On June 16, 2017, the White House released a Presidential Memorandum (the “Memo”) outlining a new policy regarding travel and business with Cuba. This Memo modifies the Obama administration’s October 2016 Presidential Policy Directive-43, which eased travel and trade restrictions with Cuba. The goal of the new policy as outlined in the Memo is to ensure that funds used for travel and business in Cuba do not “disproportionately benefit the Cuban government” to the detriment of the Cuban people. To that end, it instructs executive agencies to alter current regulations, primarily to restrict tourist travel, require more oversight of travel to Cuba, and ensure alignment with the statutory embargo of Cuba.

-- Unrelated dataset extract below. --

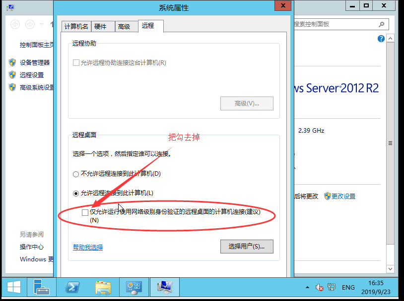 输入账号密码登录之后,打开系统属性,把【仅允许运行使用网络网络级别身份验证的远程桌面的计算机连接】的勾去掉。
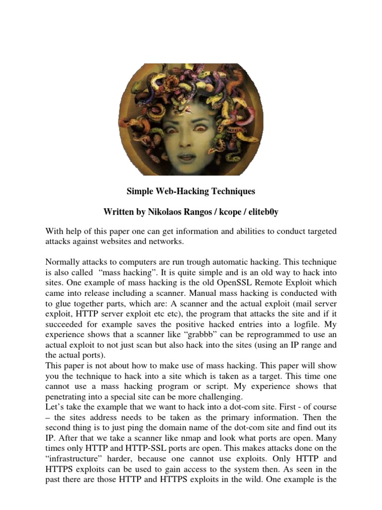 sites. One example of mass hacking is the old OpenSSL Remote Exploit which

The Memo is subject to implementation through the Office of Foreign Assets Control (“OFAC”) at the Department of Treasury and Bureau of Industry and Security (“BIS”) at the Department of Commerce as well as the Departments of State and Transportation. The Memo calls for these agencies and departments to initiate the regulatory process within 30 days, i.e., by July 16. The new regulations will take time to develop and there is currently no deadline for their enactment. Once the regulations are enacted the Secretaries are directed to review their respective Departments’ enforcement of all categories of permissible travel within 90 days. Additionally, President Trump has ordered the Treasury Department to “regularly” audit travel to Cuba to ensure compliance with the enacted statutes and regulations.

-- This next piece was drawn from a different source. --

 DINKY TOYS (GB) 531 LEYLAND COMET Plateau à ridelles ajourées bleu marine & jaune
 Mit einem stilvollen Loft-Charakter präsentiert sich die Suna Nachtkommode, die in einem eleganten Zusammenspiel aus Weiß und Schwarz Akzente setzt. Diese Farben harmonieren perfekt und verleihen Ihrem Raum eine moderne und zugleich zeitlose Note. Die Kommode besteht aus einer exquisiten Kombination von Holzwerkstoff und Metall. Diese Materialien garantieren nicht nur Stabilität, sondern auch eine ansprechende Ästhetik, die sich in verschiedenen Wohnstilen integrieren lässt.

The Memo indicates that the administration does not seek to limit investment in Cuba, but rather seeks to channel any investment toward business that will not “disproportionately” support the Cuban government. To this end, the Secretary of State will publish a list of agencies under the control of “the Cuban military, intelligence, or security services or personnel” as well as any entities with which “direct financial transactions” would disproportionately benefit the Cuban government. U.S. persons will not be permitted to engage in transactions with these entities, subject to a limited number of exceptions for transactions that are deemed to be consistent with the overall policy of the Memo.

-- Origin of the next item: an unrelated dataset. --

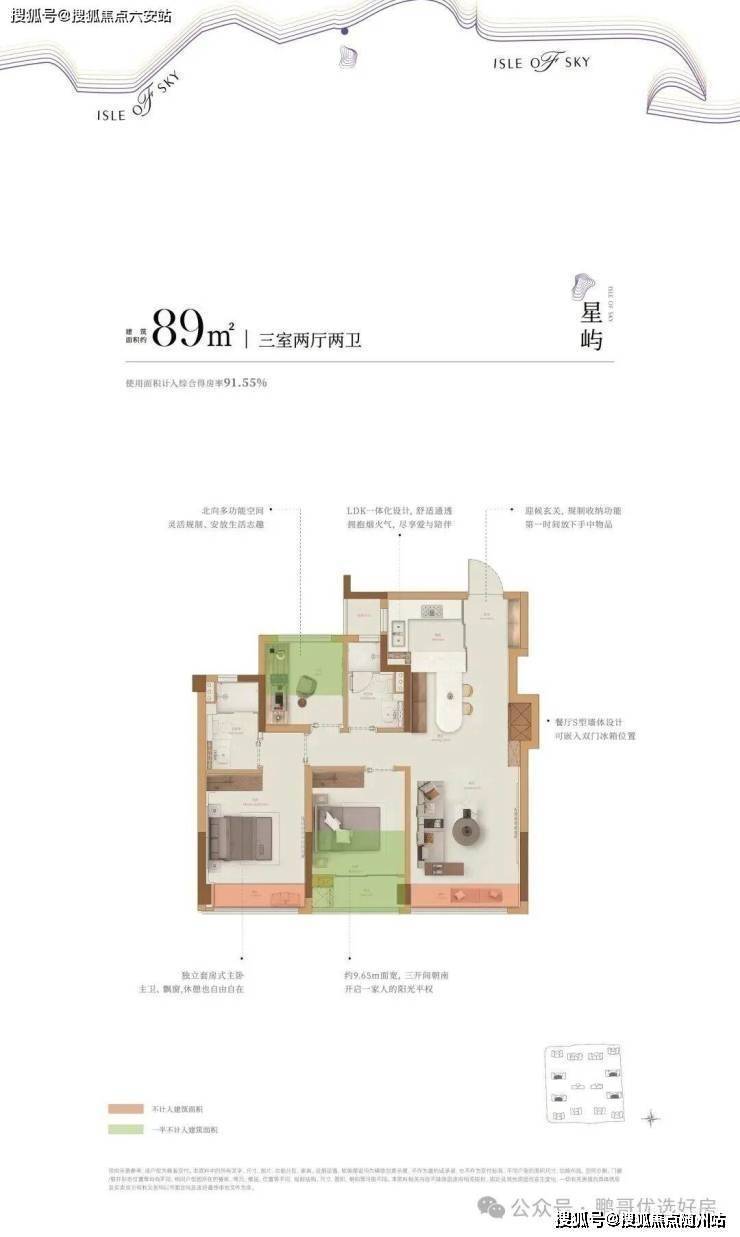 建面约89㎡三房:四开间朝南,南向面宽9.65米,U型厨房+嵌入式冰箱,得房率约91%;

Both BIS and OFAC have released guidance on their interpretations of the Memo, specifying that they will respond to any new requirements by amending, respectively, the Export Administration Regulations (EAR) and the Cuban Assets Control Regulations (CACR). Both agencies noted that any changes to the EAR or CACR will not take effect until new regulations are issued. BIS and OFAC also specified that any forthcoming amendments will be prospective, not retroactive, and so will not affect contracts and licenses already in place. Similarly, OFAC notes that any Cuba-related commercial engagement that includes direct transactions with entities related to the Cuban military, intelligence, or security services that may be implicated by the new Cuba policy will be permitted provided that those commercial engagements were in place prior to the issuance of the forthcoming regulations.
The regulations are not likely to have a significant impact on business travel to Cuba. However, the new regulations will aim to restrict travel licenses on non-business travel to ensure that individuals are not traveling for tourism purposes, but instead legitimate educational purposes, or to provide support for the Cuban people.
Winston and Strawn will continue to monitor the new Cuban regulations developed by the Secretaries of Commerce, Transportation, Treasury, and State, as the enactment of those regulations will signal the actual impact of the Memo.